FE is not immune to Tribunal claims. Whether they come from disgruntled lecturers or churlish caretakers, Colleges get their fair share of Tribunal claims. So how will the new Tribunal regime that exists, in terms of paying fees and pre-claim conciliation work in practice?

The latest statistics from the Ministry of Justice make for interesting reading. They have confirmed the dramatic reduction in the number of Tribunal claims since the introduction of Tribunal fees in July 2013. Depending on which figures you look at, the reduction is stark. There has been around a 60% drop in the number of Tribunal claims lodged in the January to March 2014 period as compared to the previous year. It seems reasonable to conclude that the introduction of Tribunal fees has had an effect on the number of claims lodged. On the one hand, the introduction of fees has been seen as helpful to reduce the number of spurious or less meritorious claims. On the other hand, as UNISON has argued, fees are preventing individuals from exercising their legal rights in that the fees breach the principle of effectiveness (making it difficult for individuals to enforce their legal employment rights) and are seen as indirectly discriminatory (discrimination claims are more expensive to lodge with the Tribunal). UNISON has challenged the validity of the fees regime but it is unlikely that the case will be heard until the Autumn at the earliest. However, the publication of the statistics has given the union strong arguments to advance its position yet further.
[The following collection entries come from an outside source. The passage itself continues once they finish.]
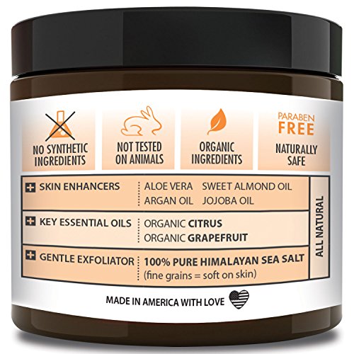 SPA QUALITY / ALL NATURAL INGREDIENTS Carefully hand blended with organic essential oils, skin smoothing enhancers and the undeniable exfoliating power of pure, fine grain Pink Himalayan Sea Salt. NOTHING ARTIFICIAL: NO chemicals, NO GMOs, NO Gluten, NO preservatives, NO perfumes, NO fragrances, NO parabens, NO alcohol, NO dyes, NO animal fats, NO petroleum - NONE of the bad stuff!
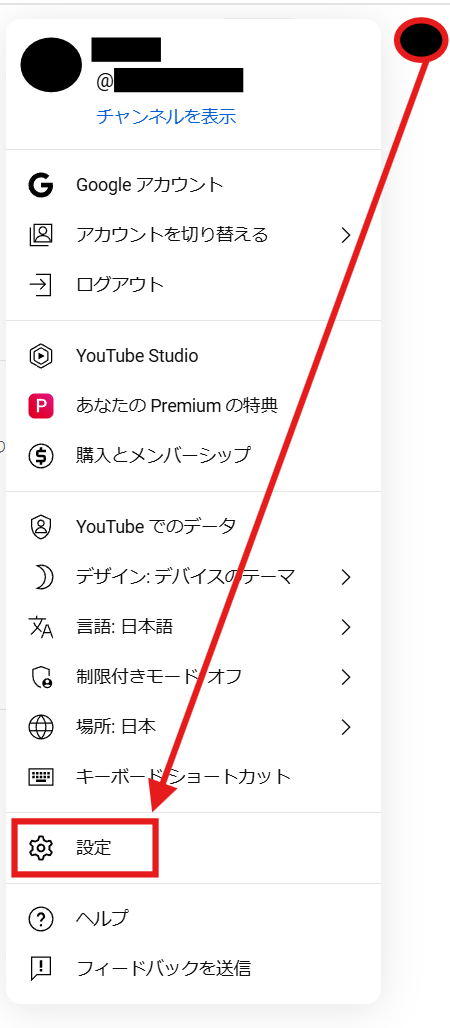 YouTubeにアクセスし、右上のアイコンをクリックして設定を選択します。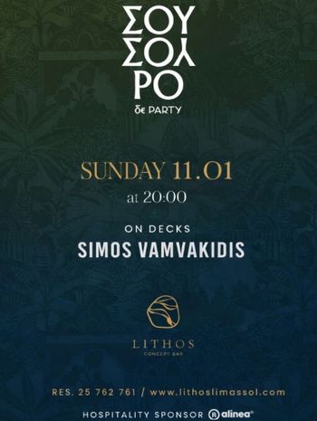SouSouro The Party returns to Limassol for a Sunday night at Lithos, with DJ Simos Vamvakidis and a high-energy party atmosphere. Scroll down for English version 👇 Τελικά, όλοι κρύβουμε μια ΣουΣουράδα μέσα μας! Το SouSouro The Party συνεχίζει δυναμικά στον μοναδικό χώρο του Lithos, έναν χώρο που έχει συνδεθεί με αυθεντικές βραδιές διασκέδασης και έντονη ενέργεια. Την Κυριακή 11 Ιανουαρίου, τα decks αναλαμβάνει ο Σίμος Βαμβακίδης, δημιουργώντας το soundtrack μιας βραδιάς όπου «όλη η πόλη γίνεται μια αγκαλιά». Οι πόρτες ανοίγουν στις 20:00, για μια ακόμη SouSouro εμπειρία γεμάτη ρυθμό, παλμό και κοινή διάθεση για διασκέδαση. 🗓️ Πρόγραμμα Κυριακή, 11 Ιανουαρίου | 20:00 (Lithos, Λεμεσός) Κρατήσεις: 25 762 761 Χορηγός φιλοξενίας: Alinea Limassol EN This party event in Limassol, Cyprus brings SouSouro The Party back to the distinctive setting of Lithos for another vibrant Sunday night. Known for its expressive and inclusive atmosphere, the party invites everyone to let loose and be part of the moment. On Sunday, January 11, Simos Vamvakidis takes over the decks, setting the mood for a night where the whole city comes together. Doors open at 20:00 for a high-energy experience driven by music and shared vibes. 🗓️ Schedule Sunday, January 11 | 20:00 (Lithos, Limassol) Reservations: 25 762 761 Hospitality sponsor: Alinea Limassol Explore more Nightlife & Parties → eventor.com.cy/events/category/nightlife---parties-128 ❓ FAQ Q: Where does the event take place? A: At Lithos in Limassol. Q: What time do doors open? A: Doors open at 20:00. Q: Who is playing music at the event? A: DJ Simos Vamvakidis. Q: How can I make a reservation? A: By calling 25 762 761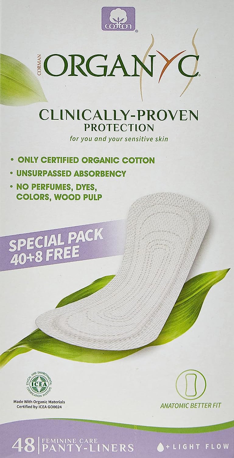 ORGANYC Organic Cotton Panty Liners Flat Light Flow Special Pack, 40 + 8 Free Pack of 2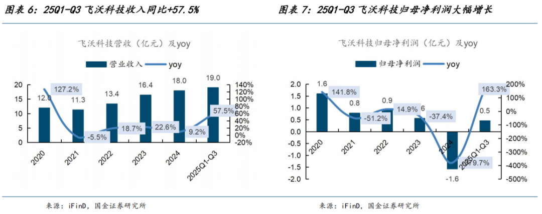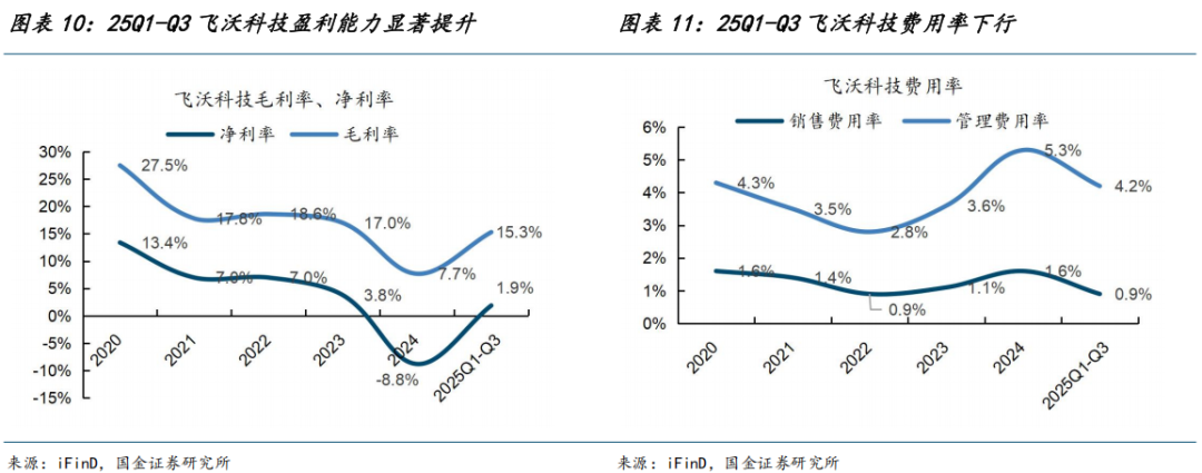 25Q1-Q3飞沃科技费用率下行,盈利能力显著提升。营收规模的增长,带来固定成本均摊降低,规模效应显现带动公司销售费用率、管理费用率下行,25Q1-Q3飞沃科技销售费用率、管理费用率为4.2%、0.9%,相对24年降低1.1pct、0.7pct。费用率下行叠加产品销售价格提升,飞沃科技25Q1-Q3净利率提升至1.9%,相对24年提升10.7pct。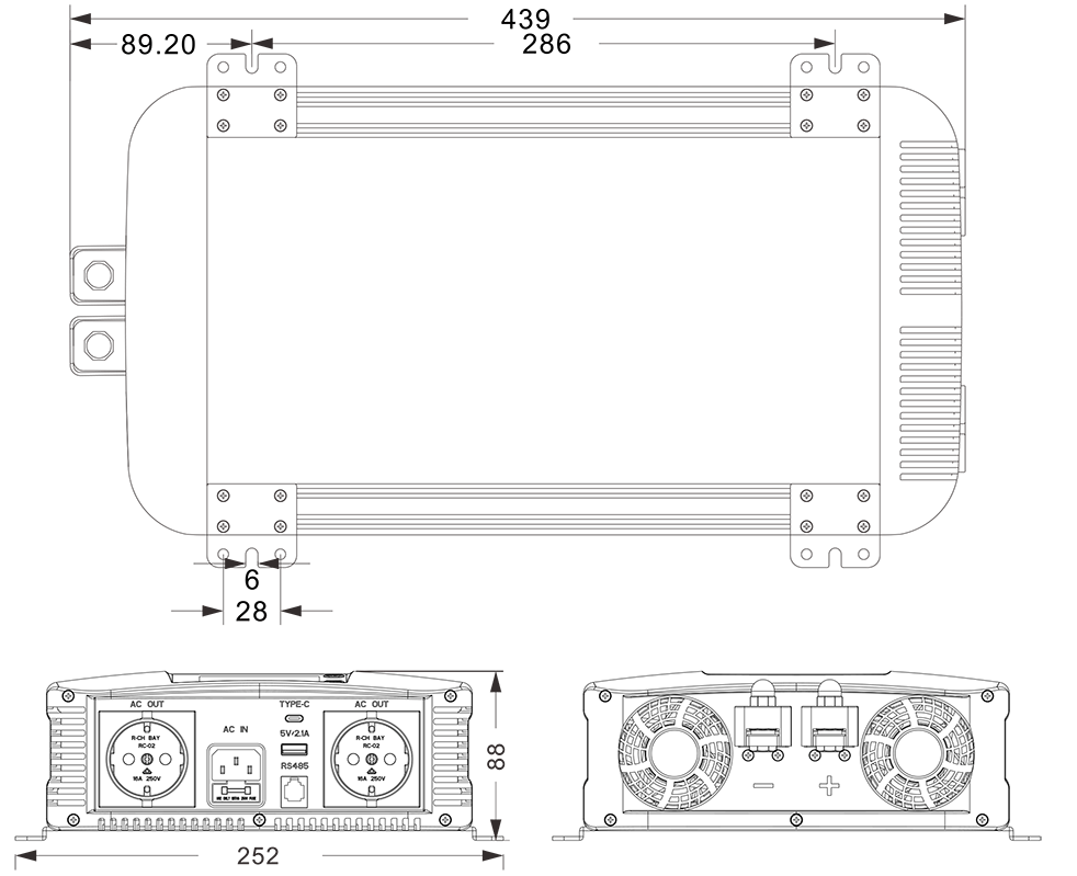 Mga guhit ng mekanikal: (439x252*88mm)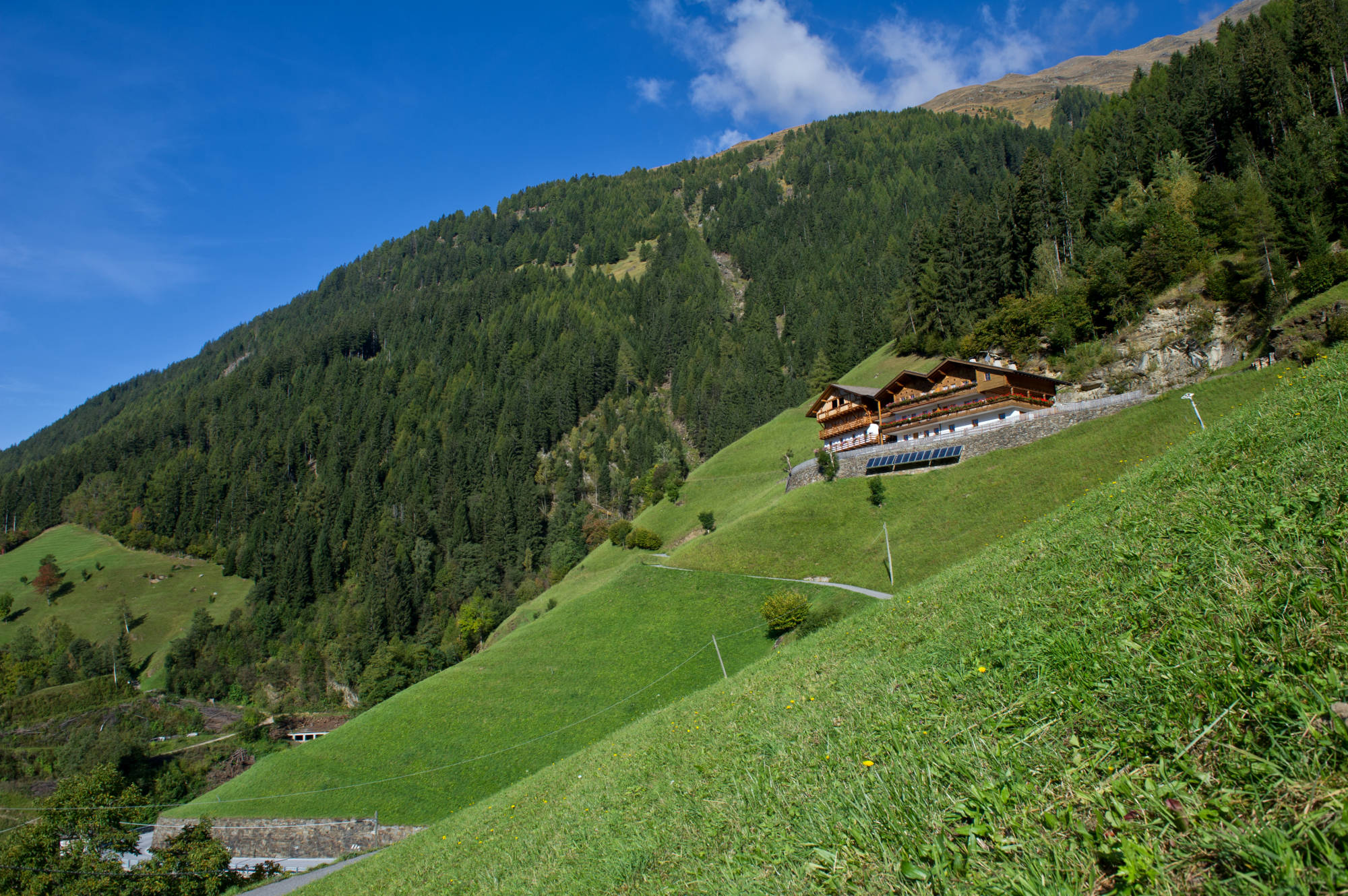 Ca. 1km nach dem Dorf (noch vor dem Tunnel) geht es rechts über eine kurze Privatstrasse (ca. 300 Meter) zum Graslhof.

The Government has pledged its determination to keep the fees regime under review. However, it is widely expected that even if UNISON succeeds in its legal arguments the matter will be appealed to the higher Courts for determination. Therefore, in the short term any proposed changes are likely to be in relation to the amount of fees payable; commentators widely expect the fees to be reduced if nothing else. However, time will tell.

In addition to the fees regime, pre-claim conciliation is now automatic. This means in practice that before a claim can proceed the parties must go through ACAS to see if an early resolution of the claim can be made. If it can be made, then all the better on the basis that a claim would not need to be lodged with the Tribunal at all. This would be in all parties’ interests so as to avoid litigation. However, it is still early days to determine how effective this process is. It is already clear that a number of Colleges are receiving calls from ACAS on pre-claim conciliation but whether this effects a reduction in Tribunal claims in the long term remains to be seen.

If conciliation cannot be achieved by ACAS, then ACAS will issue a certification confirming that resolution has been explored. A party cannot bring a claim until conciliation has been exhausted. The normal time limits for lodging Tribunal claims are stayed for a one month period whilst this process is ongoing. It seems reasonable to conclude that this issue of staying proceedings will become the subject matter of litigation in the coming months as to whether a Tribunal claim has been lodged in time given that current caselaw has shown that cases lodged minutes after the deadline have not been allowed to proceed.

So is FE any different from other public employers or the private sector? In a nutshell, it sort of is. Public sector employers generally face more litigious claims that private sector organisations and are subject to lengthy Tribunal hearings. Whether this is because more private sector employers settle claims as they have the money to do so whereas public sector employers do not remains to be seen. However, FE tends to attract complex Tribunal claims when they are brought; the introduction of fees and/or pre-claim conciliation is unlikely to effect a dramatic reduction in Tribunal claims in FE themselves.